A stateful video encoder takes raw video frames in display order and encodes
them into a bytestream. It generates complete chunks of the bytestream, including
all metadata, headers, etc. The resulting bytestream does not require any
further post-processing by the client.

Performing software stream processing, header generation etc. in the driver
in order to support this interface is strongly discouraged. In case such
operations are needed, use of the Stateless Video Encoder Interface (in
development) is strongly advised.

Conventions and Notations Used in This Document
===============================================

1. The general V4L2 API rules apply if not specified in this document
   otherwise.

2. The meaning of words "must", "may", "should", etc. is as per `RFC
   2119 <https://tools.ietf.org/html/rfc2119>`_.

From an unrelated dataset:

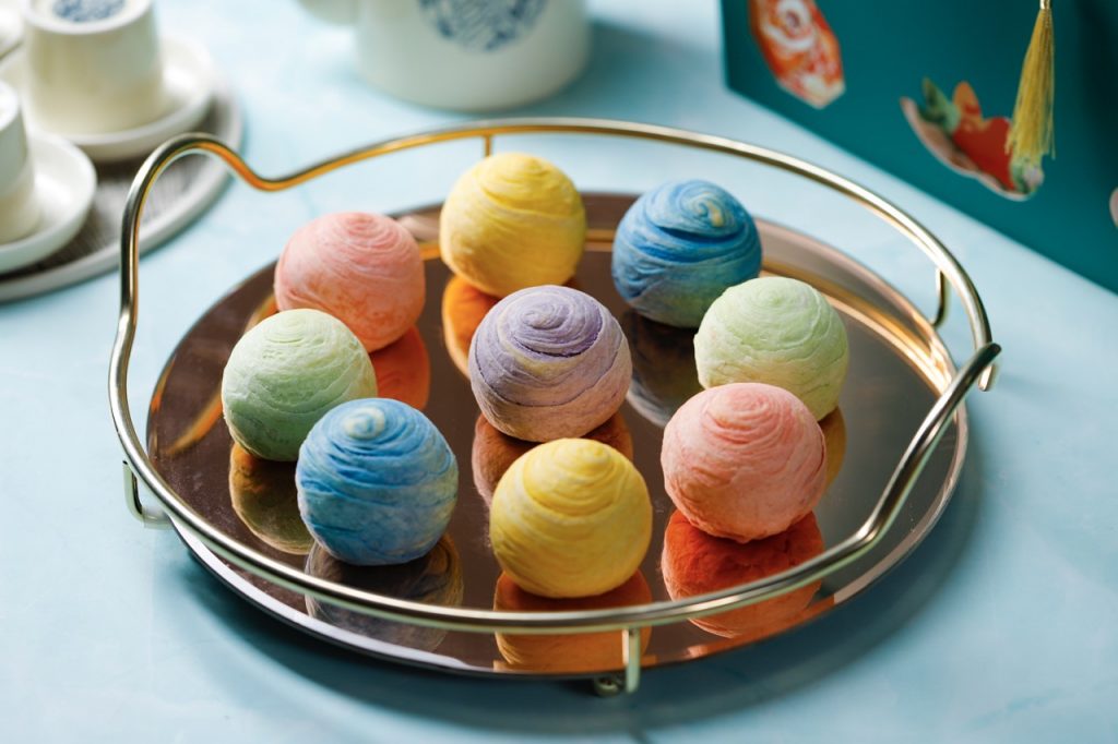 Dùng dao hoặc dụng cụ cắt bột cắt đôi miếng bột vừa cuộn, sau đó dùng cây cán bột cán bột nhẹ và mỏng theo hình tròn (khoảng 0.2 cm). Sau đó cho 1 viên nhân vào giữa, bọc kín nhân lại, bao thật nhẹ nhàng để giữ được những phần màu riêng biệt. Đặt vào khay nướng đã lót giấy nến. Lặp lại thao tác với số nguyên liệu còn lại.

3. All steps not marked "optional" are required.

4. :c:func:`VIDIOC_G_EXT_CTRLS` and :c:func:`VIDIOC_S_EXT_CTRLS` may be used
   interchangeably with :c:func:`VIDIOC_G_CTRL` and :c:func:`VIDIOC_S_CTRL`,
   unless specified otherwise.

5. Single-planar API (see :ref:`planar-apis`) and applicable structures may be
   used interchangeably with multi-planar API, unless specified otherwise,
   depending on encoder capabilities and following the general V4L2 guidelines.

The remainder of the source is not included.